1985 novel by Philip Pullman

The Ruby in the Smoke is a mystery novel for young adults by the English author Philip Pullman published in 1985. The story is set in the Victorian era, where 16-year-old Sally Lockhart discovers the reason of her father's mysterious death.

It went on to win the 1987 Lancashire Children's Book of the Year Award. It was also adapted for television in 2006. This book is the first of the Sally Lockhart Quartet. It is followed by The Shadow in the North, The Tiger in the Well and The Tin Princess. The book was also adapted for the stage at the Edinburgh Festival Fringe in August 2016.

==TV adaptation==
A TV film adaptation written by Adrian Hodges and starring Billie Piper was produced by the BBC. It aired on BBC One on 27 December 2006 and on PBS's Masterpiece Mystery! as The Sally Lockhart Mysteries: The Ruby in the Smoke on 4 February 2007. The UK broadcast attracted 7.07 million viewers. It is notable as marking the TV debut of actor Matt Smith, who would later take over the role of the Eleventh Doctor in Doctor Who, in which Piper had previously featured.

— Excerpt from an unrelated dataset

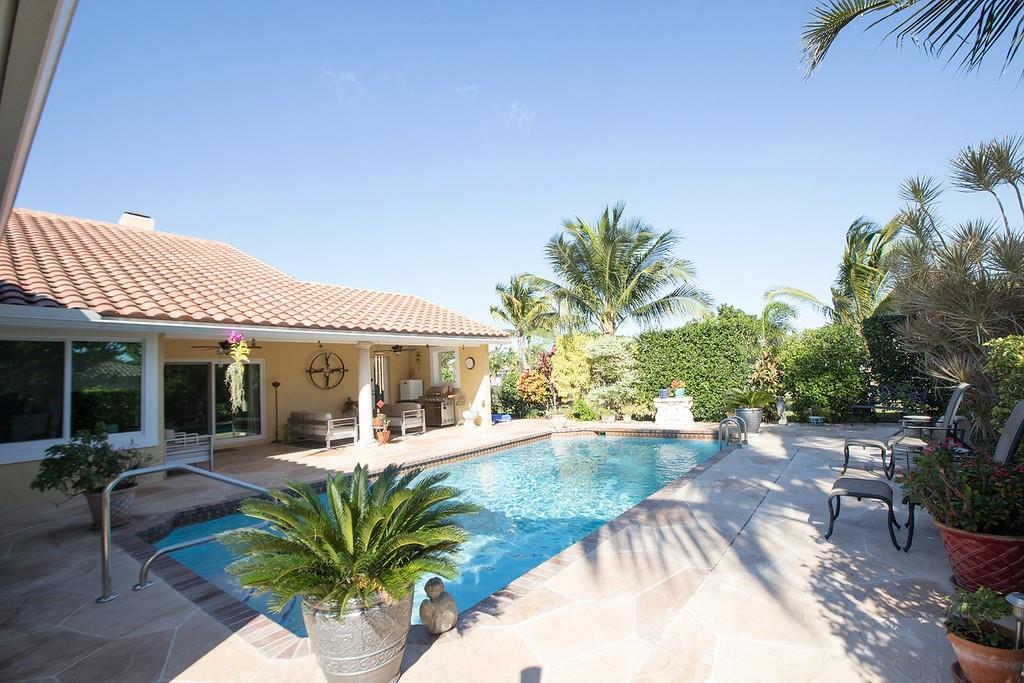 Gorgeous single family custom home on 1/2 acre , ready to move in! 4/2, pool( was refinished) w/LED lights. Split master bedroom. Cabana doors in bedrooms, walk in closets in mst. 2 remodeled bathrooms with granite. Tile and wood floors. Crown molding, cherry kitchen cabinets, and granite countertops, deep sink, stainless steel appliances. Double see through fireplace in fam/liv room. lots of storage, full attic. New fenced in yard. New impact windows, large covered patio w/ tranquil canal view, 2 car garage, new water heater, new roof, gutters and paver driveway. Perfect location, and great schools!
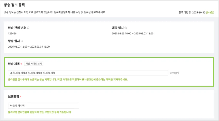 방송 제목은 앱 내 넛지와 방송 플레이어 상단에 노출되는 문구입니다.

All four Sally Lockhart books were expected to be adapted for television; as of December 2025 no information has arisen regarding an adaptation of the third and fourth books.

===Cast===

| Actor | Role |
|---|---|
| Billie Piper | Sally Lockhart |
| Julie Walters | Mrs Holland |
| JJ Feild | Frederick "Fred" Garland |
| Matt Smith | Jim Taylor |
| Hayley Atwell | Rosa Garland |
| Chloe Walker | Adelaide |
| David Harewood | Matthew and Nicholas Bedwell |
| Robert Glenister | Samuel Selby |
| Elliot Cowan | Henrick Van Eeden |
| Miles Anderson | Major Marchbanks |
| Siân Thomas | Mrs Rees |

==Stage adaptation==
In the summer of 2016, a stage adaptation written and directed by Madeleine Perham was performed at The Pleasance during the Edinburgh Fringe after receiving Pullman's blessing. Running for the month of August in the King Dome venue, the performance was hailed as a critical success, with The Scotsman stating that the show was "a compelling tale, and full of surprises, moral ambiguities and people who are other than they seem". Jane Berg from Three Weeks awarded the show five stars, stating that the show "was one of the most enjoyable hours I've spent at this festival". Broadway Baby, the local reviews website, stated that the show "delighted in its Victorian setting" and was an "excellent piece of storytelling", going on to award The Ruby in the Smoke four stars.

The show was created by new theatre company Reprint Productions (now Escapade), with a cast of six who multi-roled the numerous characters in the show: Rebecca Lenihan, Sydney Austin, Tris Hobson, Martin Coates, Hamish Forbes and Madeleine Golding (who also served as producer and co-founder of Reprint).